Capítulo 17

Tres días después, Draco recibió una llamada en el móvil.

—Soy Perceval, ¿dónde podemos vernos?

—¿Conoces el pub Aurore en Regent Street?

—Lo buscaré. Estaré allí mañana a las diez.

—Muy bien. Te invitaré a desayunar.

—¿Sólo a desayunar? Me temo que tendrás que invitarme también a almorzar y a cenar. Prepárate porque hay cuerda para rato.

Perceval había averiguado muchas cosas. Vasili Danko había estado cobrando diversas cantidades de una compañía médica suiza en cuya nómina de pagos figuraba como jefe de jardinería con otros treinta jardineros a sus órdenes.

—Lo más interesante es el jardín de la empresa —observó Perceval.

Tecleó rápidamente en su ordenador y en la pantalla aparecieron diversas vistas del edificio, a las afueras de Berna, donde sólo había una extensión de césped y un jardín japonés con media docena de piedras clavadas en arena volcánica.
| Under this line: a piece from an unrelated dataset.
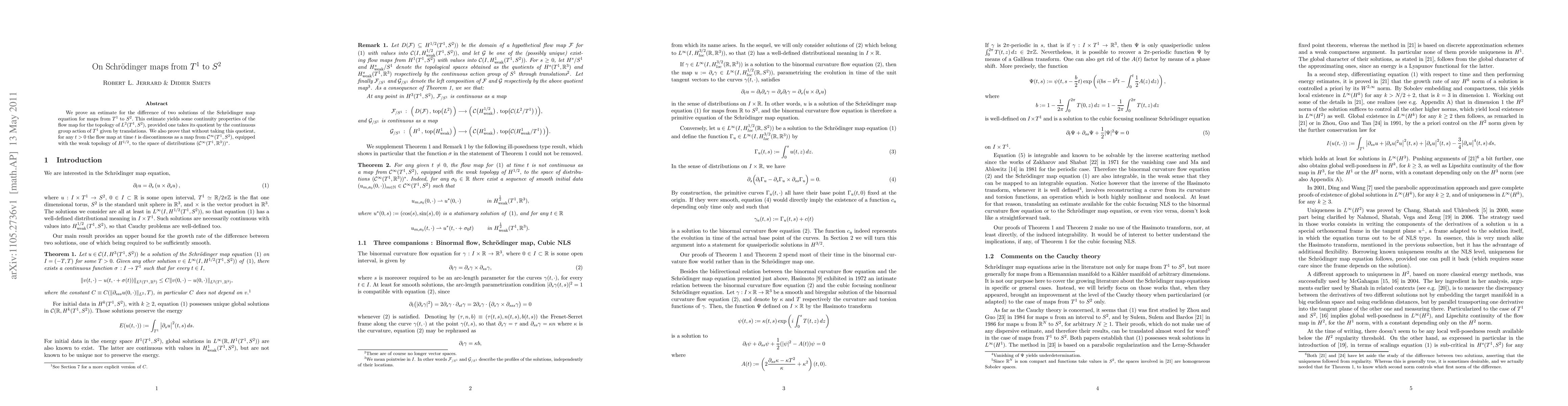 This paper proves an estimate for the difference between two solutions of the Schrödinger map equation from $T^1$ to $S^2$, establishing continuity properties of the flow map in $L^2$ topology after quotienting by $T^1$ translations. It also shows that without taking this quotient, the flow map is discontinuous for $t>0$ in the weak $H^{1/2}$ topology.

—Hay más datos interesantes: a estos rusos les paga una compañía de engranajes de Lyon, que a su vez era filial de otra compañía financiera radicada en las islas Caimán. Aquí me tropecé con bastantes dificultades, porque es complicado identificar las redes financieras de las sociedades holding. Está todo tan bien urdido que no ha sido fácil penetrar en los diversos niveles de seguridad: son como redes superpuestas, cada una con su peculiar diseño de agujeros, pero ninguna totalmente opaca. El hacker invasor, o sea yo, puede atravesar la primera sin novedad y quedarse prendido en la segunda, o pasar la segunda y la tercera y quedarse prendido en la cuarta. Hace falta paciencia y olfato. Lo básico es interrogar el programa que hay detrás, ver el tapiz no por el lado de las figuras, sino por su reverso, así se descubren los puntos débiles. En fin, he usado el lenguaje informático de base para reprogramar las órdenes de la contraseña, y tras componer mi propio programa par, le he ordenado a la aplicación que dirige el sistema de la contraseña lo que tiene que hacer… y el programa se ha revelado como una fotografía en la cubeta entregando su secreto, así he atravesado las defensas, he burlado el localizador automático Cerbero que se activó en cuanto pasé esa segunda fase, he abierto los ficheros y he dado finalmente con la verdad: la mafia rusa recibió el encargo de las piedras de un financiero brasileño. Aquí tienes sus datos completos.

—¿Un brasileño?

—Eso es lo que hay. Un hombre que opera con los rusos a través de sociedades fiduciarias domiciliadas en el archipiélago de las islas Caimán. Controla centenares de sociedades offshore, algunos establecimientos financieros, trust funds, bancos y sociedades de servicios que se entrecruzan, se superponen o compiten.

—¿Es posible?

—Me temo que sí. Lo he comprobado por caminos distintos y la pista conduce a Brasil. Sólo tuve que hacer una comprobación rutinaria: me introduje en su correo cifrado del día en que murió Joyce y encontré la orden.

Desplegó un papel y lo puso sobre la mesa: «Cortadle las manos a la mujer y se las enviáis con unas flores».

Draco contempló la nota. Al menos los rusos no habían añadido la crueldad gratuita de las flores.

—Sé cómo te afecta, pero los gángsters de las favelas hacen cosas peores. Como tener a un hombre secuestrado en ayunas durante una semana, servirle después un guisado de carne y revelarle, cuando se lo ha comido, que era el corazón de su hijo o un muslo de su esposa.

Draco asintió. Tenía las mandíbulas apretadas y respiraba con dificultad.

—¿Sabes cómo se llama?

—Lo sé todo, o casi todo. —Puso una fotografía policial, sacada de una vieja orden de captura de la Interpol sobre la mesa—. Te presento a Aníbal dos Mares, un mulato enriquecido con el tráfico de madera, sospechoso de ser el exterminador de tribus enteras en la Amazonia, y ahora sospechoso de blanquear dinero del narcotráfico.